Thursday, 25 October 2007

Let's Talk... Exit, Sell or Retire


I've just come back from a most depressing two days in North Wales (Bangor and Wrexham) - the area and the people were great: real warm hospitality. Special thanks go to the Welsh Assembly and Wrexham Business Week!

The problem was the subject I was discussing... succession planning.


Like writing a will, you can always put off succession planning till tomorrow... and that is the problem.

Roughly three-quarters of business owners expect to have a big pay-out when they sell their businesses... but roughly the same number don't have any plans in place for their exit strategy.

The result is that the majority of business owners (as much as 75%, according to the research!!!) get next-to-nothing for their businesses when they retire - a couple of old Dell computers and some staplers is hardly fair recompense for the years you have put into growing your business.
The chances are that you will be one of the ones who get next-to-nothing when you sell/close your business.

And how much is your business worth?
Most people have hugely inflated ideas of what they will get when they sell their business - I mean totally unrealistic!

Doom and gloom or what!


However it is never too late.

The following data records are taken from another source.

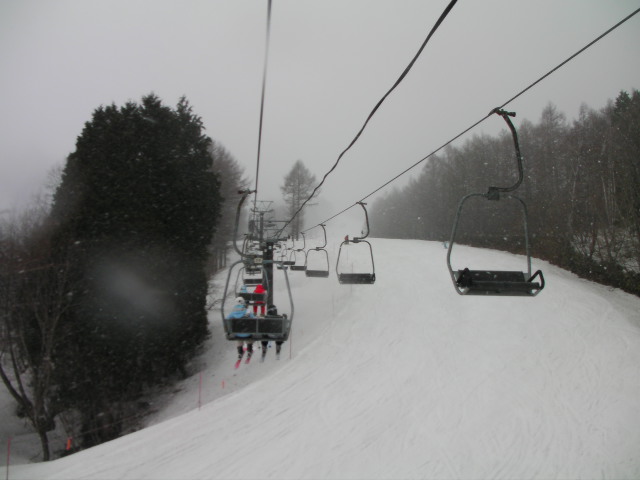黒姫エリア?に戻ると、しらかばCでプライズ検定が始まっていました。天候が悪いので今日は見学はぜず、ひたすら滑走です(笑)第1クワッド945mを使って滑る黒姫のメイン、しなの木Cを滑りました。右手に見えているのはからまつCですが、ネットとロープで規制して長野市Jrが独占使用していて滑走不可でした。ここしなの木Cは滑走者が一番多いので、この時間で既に荒れ荒れでした。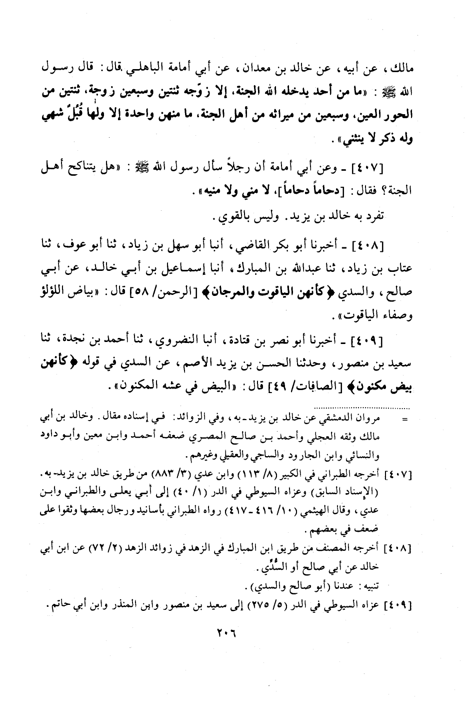 407 - وَعَنْ أَبِي أُمَامَةَ أَنَّ رَجُلًا سَأَلَ رَسُولَ اللَّهِ صَلَّى اللهُ عَلَيْهِ وَسَلَّمَ: هَلْ يَتَنَاكَحُ أَهْلُ الْجَنَّةِ؟ فَقَالَ: «دِحَامًا دِحَامًا، لَا مَنِيَّ وَلَا منيه» تَفَرَّدَ بِهِ خَالِدُ بْنُ يَزِيدَ، وَلَيْسَ بِالْقَوِيِّ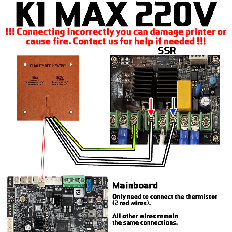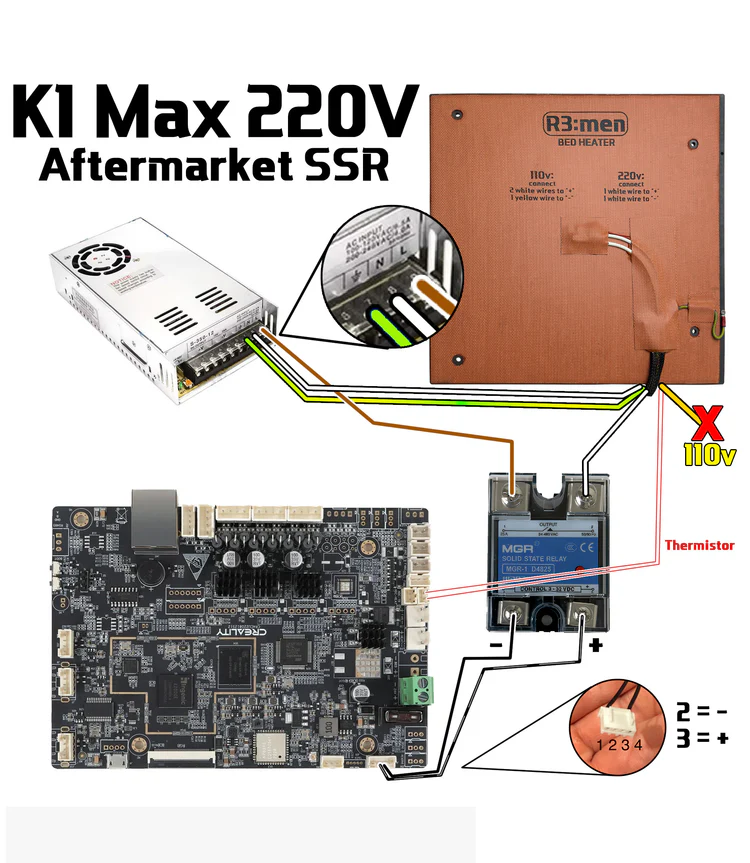 K1 Max already has an SSR so it is not included in the kit. Follow the pictures to connect it correctly.

Ask yourself:
  • How much do you think the business is worth right now?
  • How much would someone realistically pay you for it right now?
  • How much do you want it to be worth in x years?
  • What do you need to do create the business that someone will pay that amount for?
  • Who do you need to talk to in order to make sure that your sums really will stack up (business growth adviser, banker, accountant, lawyer, business transfer agent)?

If you don’t start planning your exit right now then you may well have a very impoverished retirement!



RELEVANT LINKS
Let's Talk Growth - Exit, Sell Or Retire workshop in Birmingham on 2nd November
Time For A Sharp Exit - Options To Get Out Of Your Business - article for IOD

3 comments:

Larry said...

Sorry, but the recurring theme seems to be
1) speed - do it faster
2) more - do lots of it

Mike Davis said...

Based on the work of Robert Craven or Colin Thompson

Robert Craven said...

As explained elsewhere, based on the work of Robert Craven and not Colin Thompson. Original (identical) article published by me in 2006.